EXERCISE DETAILS :: Below are records; please write out exactly the lines from the first line through the line containing "De standaard heeft", with no pictures.

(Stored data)

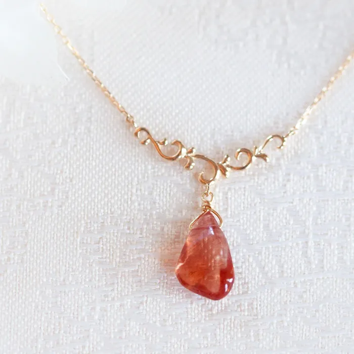 オレンジムーンストーン・スモーキークォーツのネックレス
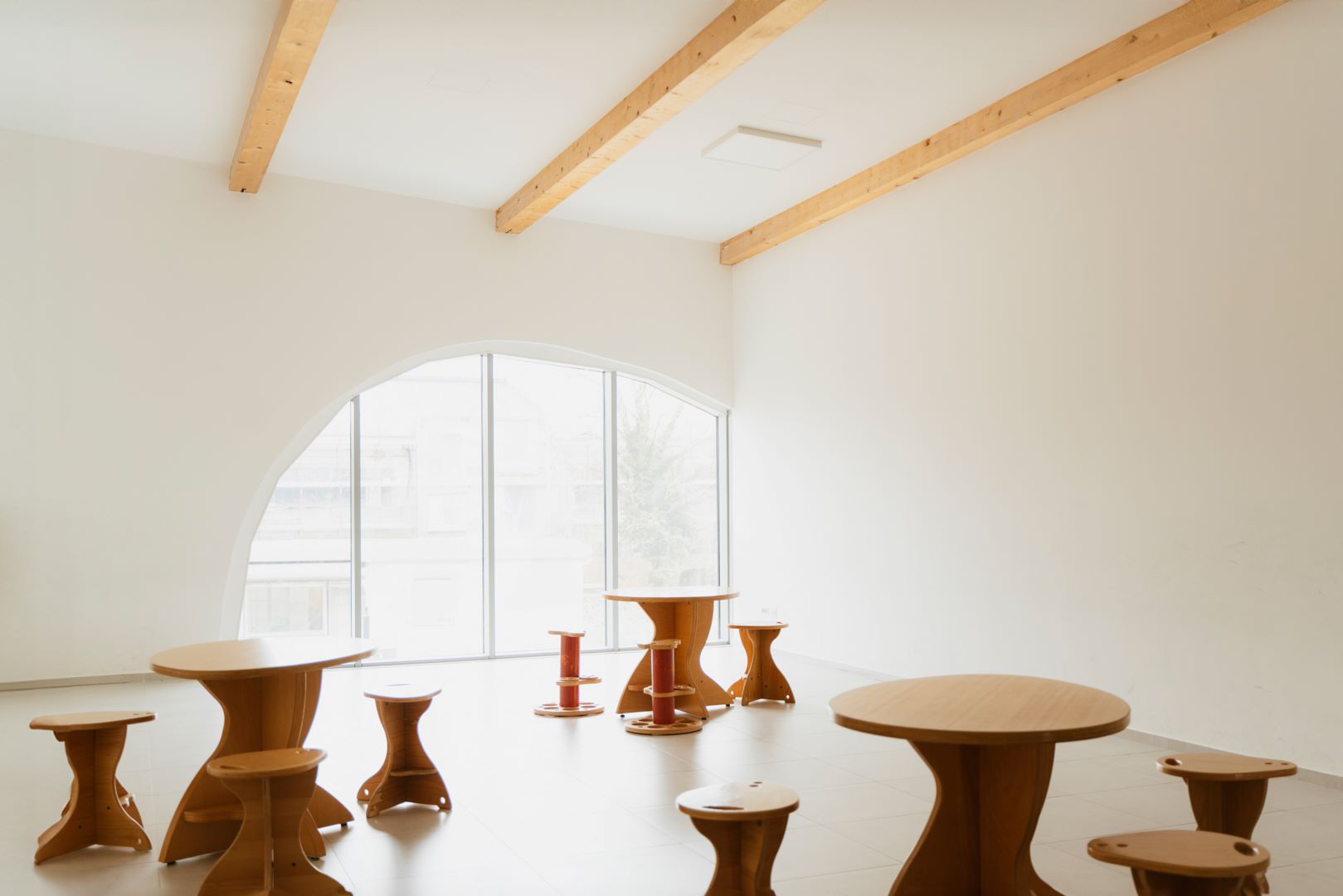 Imagined as a large cetacean, the school shows two levels above ground housing 8 classrooms, a canteen, a teachers’ room and a multifunctional connective area with spaces dedicated to socializing and individual study.
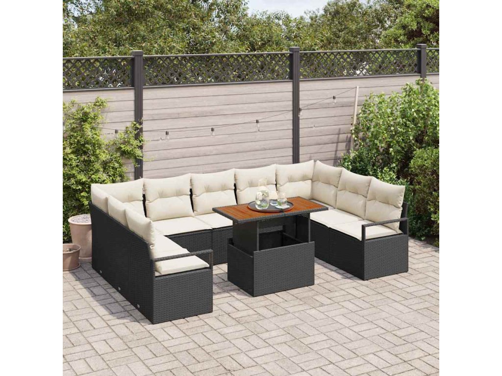 Sada zahradních pohovek s úložištěm 10 pcs Černá Poly ratan
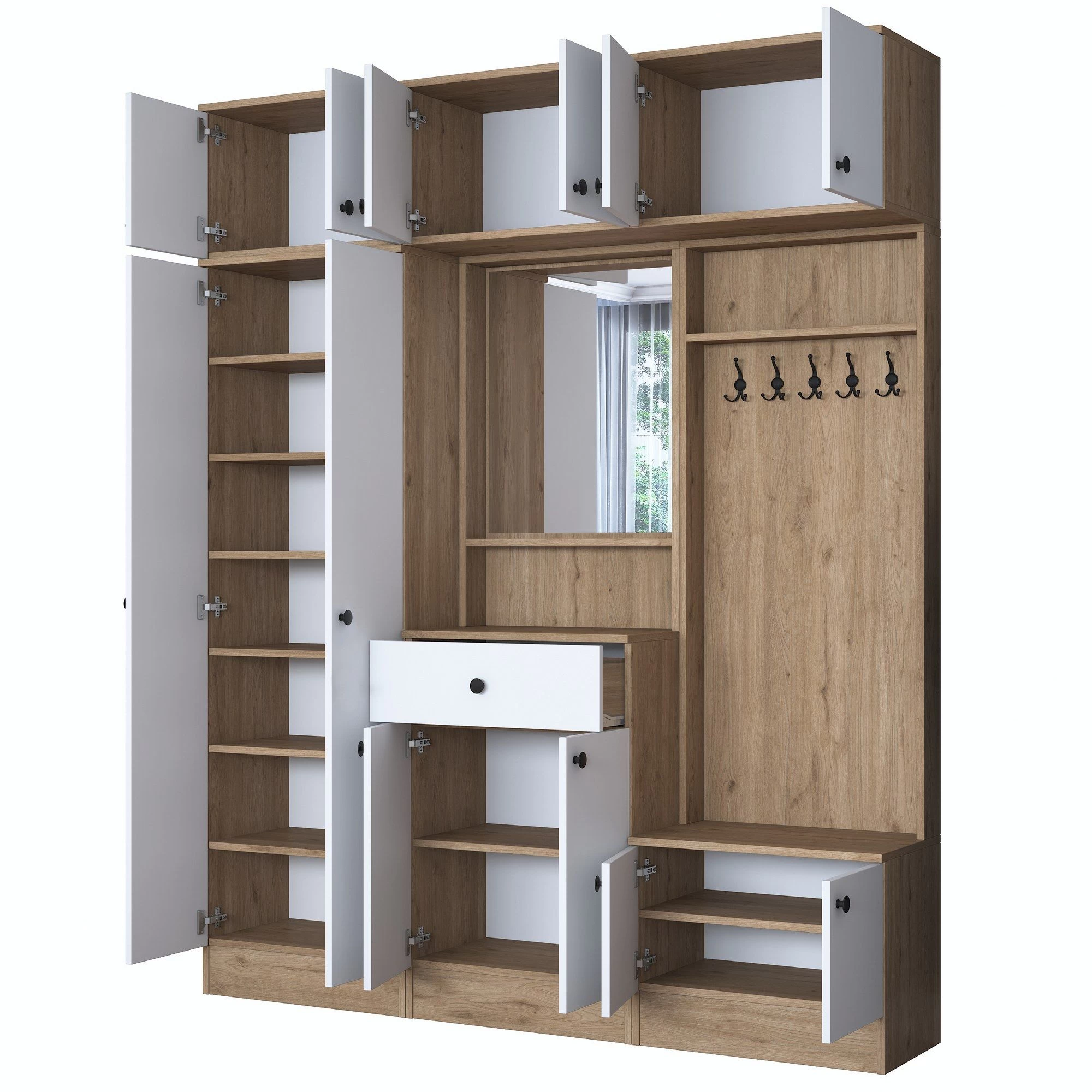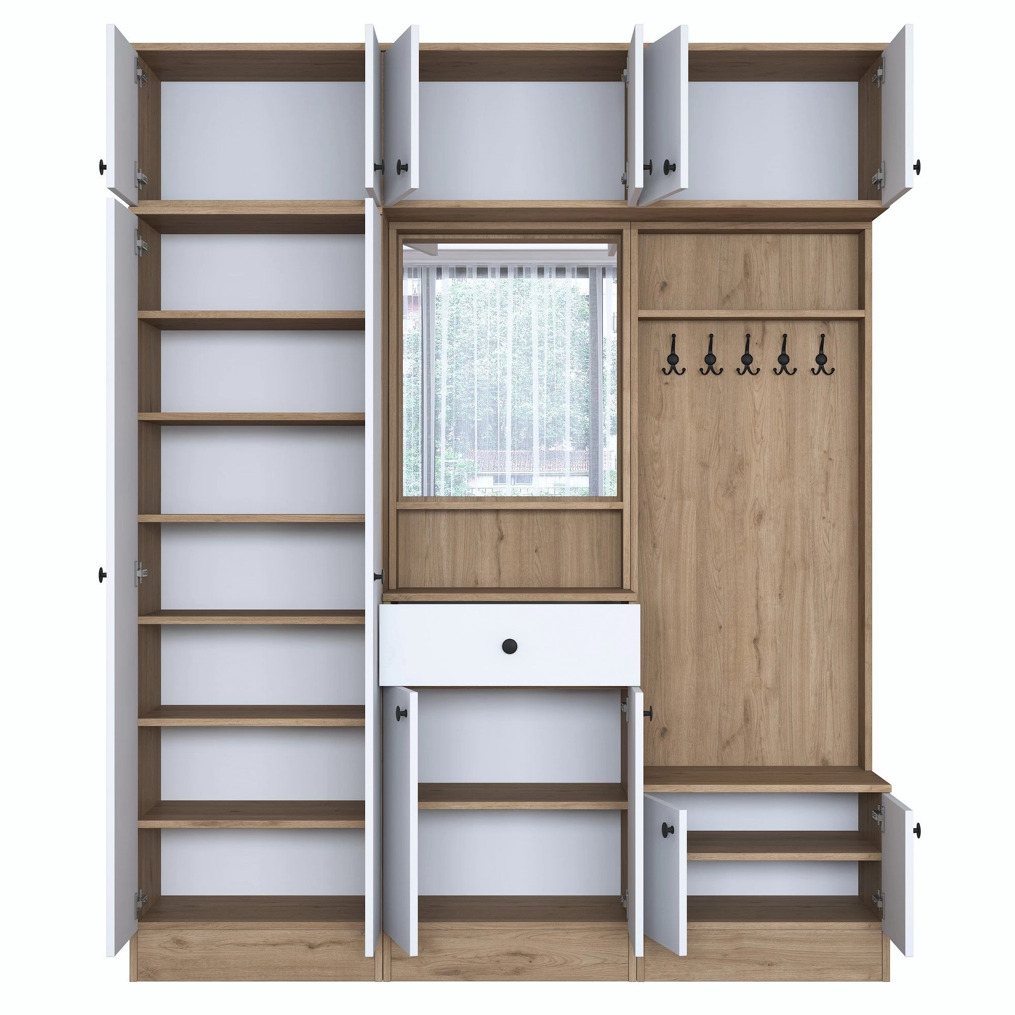 De standaard heeft een royale breedte van 179 mm, waardoor er voldoende ruimte is om je jassen, hoeden, sjaals en andere accessoires op te bergen. De walnoot witte kleur voegt een vleugje elegantie toe en past naadloos in elk interieur. Of je nu een moderne of traditionele stijl hebt, de Locelso kapstok zal moeiteloos de esthetiek van je huis verbeteren.
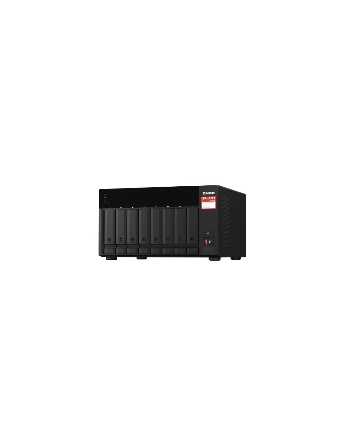 QNAP TS-873A. Capacidad de almacenamiento total instalado: 30,72 TB, Tipo de unidades de almacenamiento instaladas: SSD, Tipos de unidades de almacenamiento admitidas: HDD & SSD. Familia de procesador: Ryzen Embedded, Fabricante de procesador: AMD, Modelo del procesador: V1500B. Memoria interna: 8 GB, Tipo de memoria interna: DDR4, RAM máximo soportado: 64 GB. Ethernet LAN, velocidad de transferencia de datos: 100,1000,2500 Mbit/s. Tipo de chasis: Torre, Tipo de enfriamiento: Activo, Color del producto: Negro
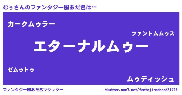 | 自動車の名前っぽいあだ名 | 『ムクア』『フェムーゥ』『デミム』 |
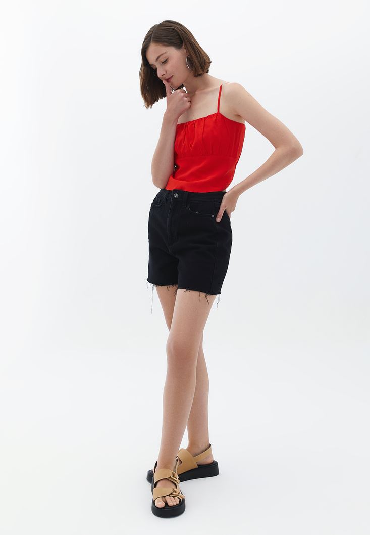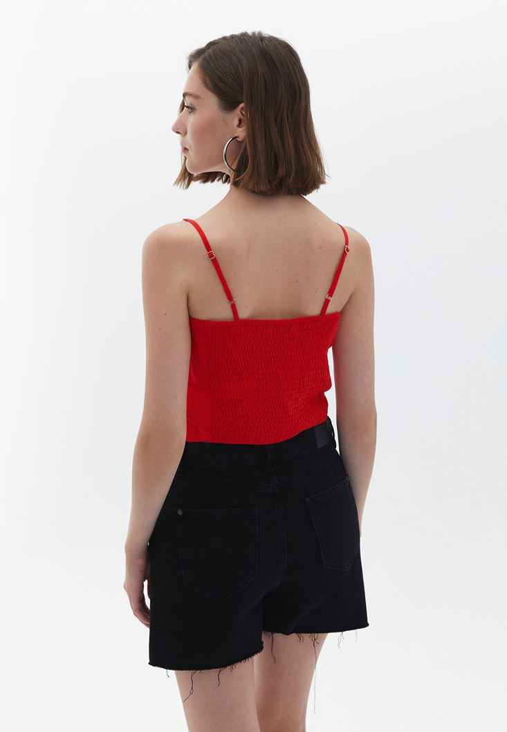 • Bayan Kırmızı İnce Askılı Crop Atlet
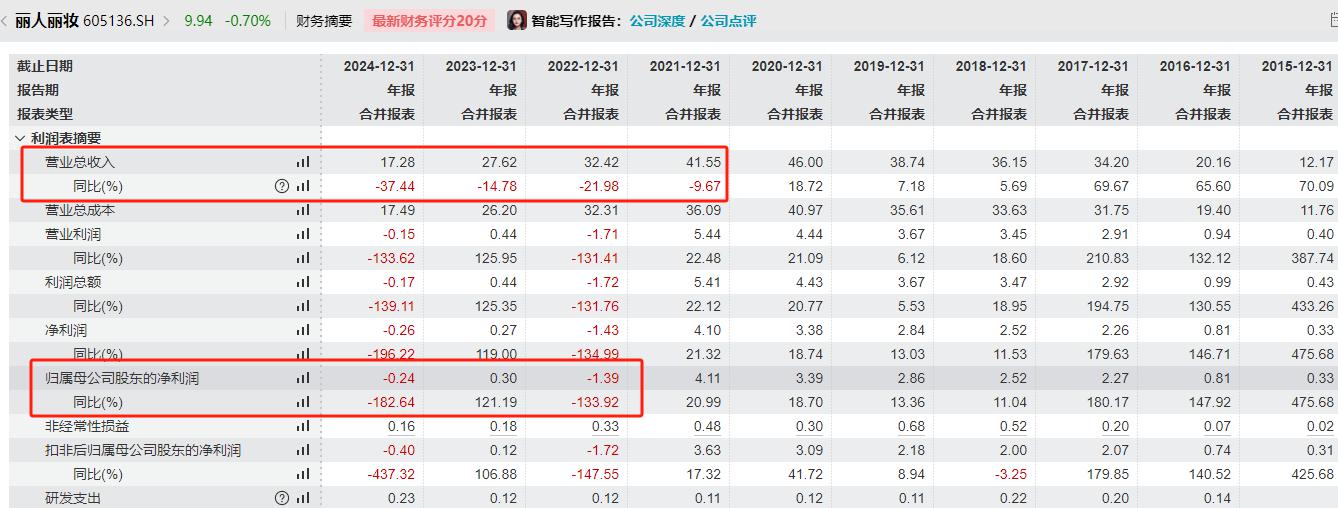 Wind顯示,2021年至2024年,麗人麗妝營收持續(xù)回落,歸母凈利潤在2022年、2024年出現(xiàn)虧損。
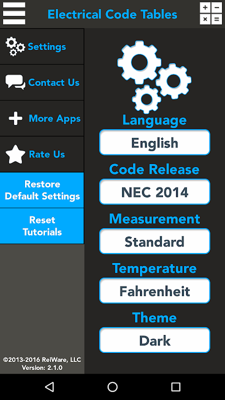 Electrical Code Tables is an all in one application for NEC code tables. Tables include: Motor FLA, NEMA Enclosures, Conductor Ampacity, Conductor Area, Conduit Area, Minimum Cover, and much more! Great for a quick check in the field or for use in the office. Simple to use and simple to understand, just code tables!
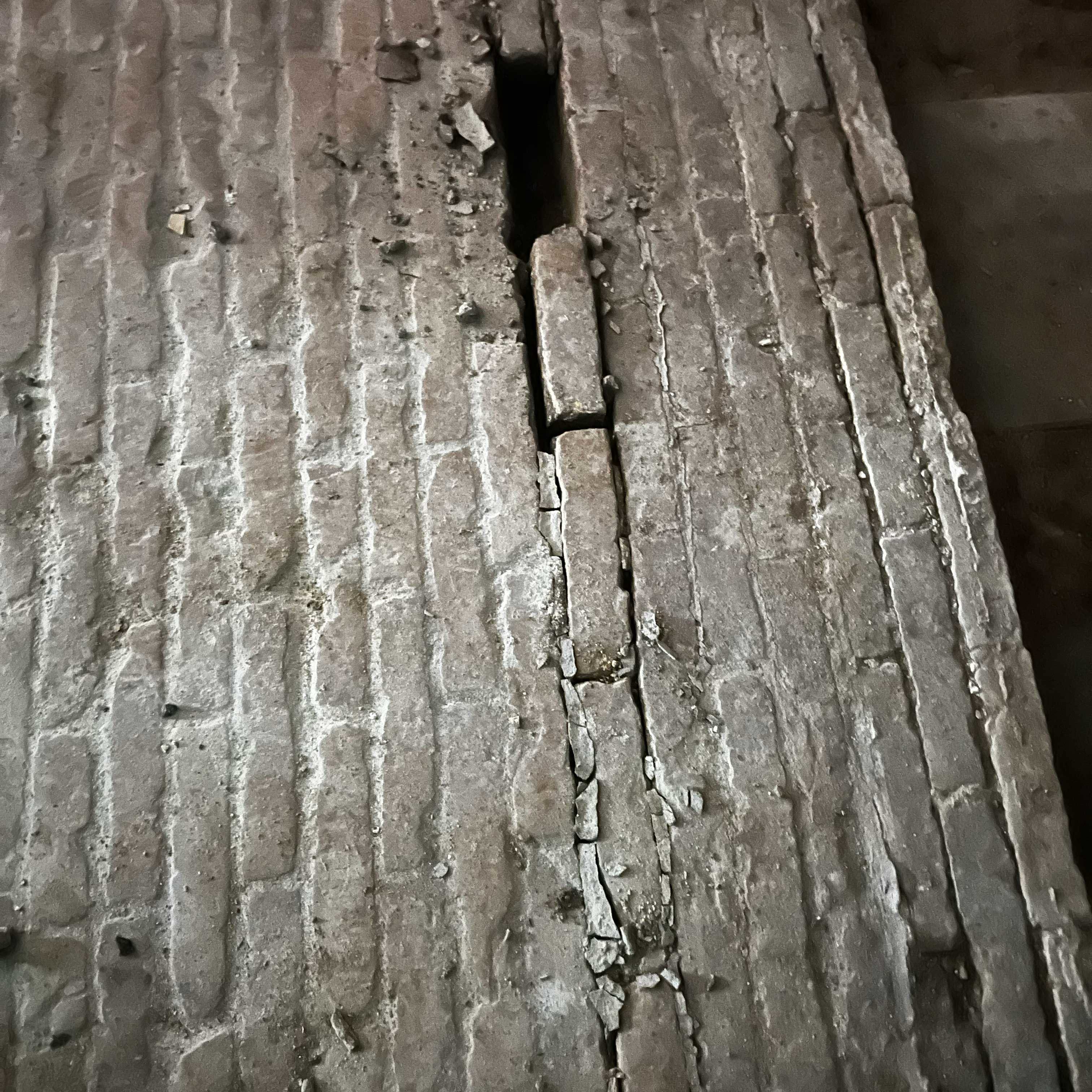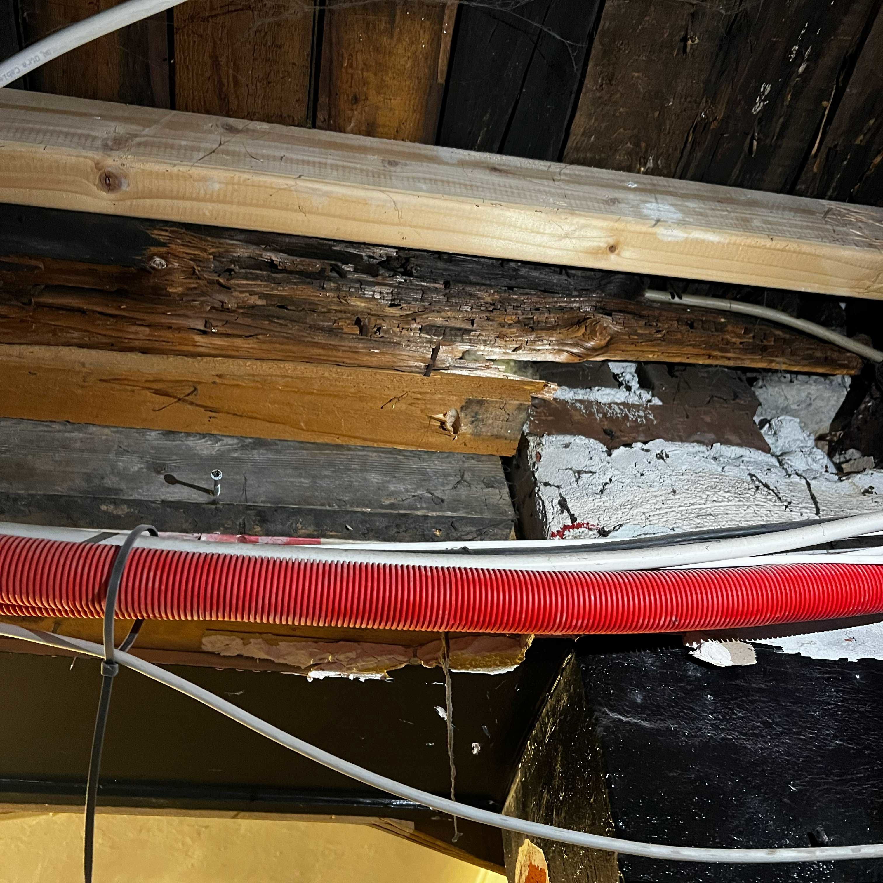 De gamle rum står i dag tomme. Et trægulv er brudt op. Installationer hænger frit. Bag det slidte træ træder noget ældre og mere bestandigt frem.

RESULT ::
 オレンジムーンストーン・スモーキークォーツのネックレス
 Imagined as a large cetacean, the school shows two levels above ground housing 8 classrooms, a canteen, a teachers’ room and a multifunctional connective area with spaces dedicated to socializing and individual study.
 Sada zahradních pohovek s úložištěm 10 pcs Černá Poly ratan
 De standaard heeft een royale breedte van 179 mm, waardoor er voldoende ruimte is om je jassen, hoeden, sjaals en andere accessoires op te bergen. De walnoot witte kleur voegt een vleugje elegantie toe en past naadloos in elk interieur. Of je nu een moderne of traditionele stijl hebt, de Locelso kapstok zal moeiteloos de esthetiek van je huis verbeteren.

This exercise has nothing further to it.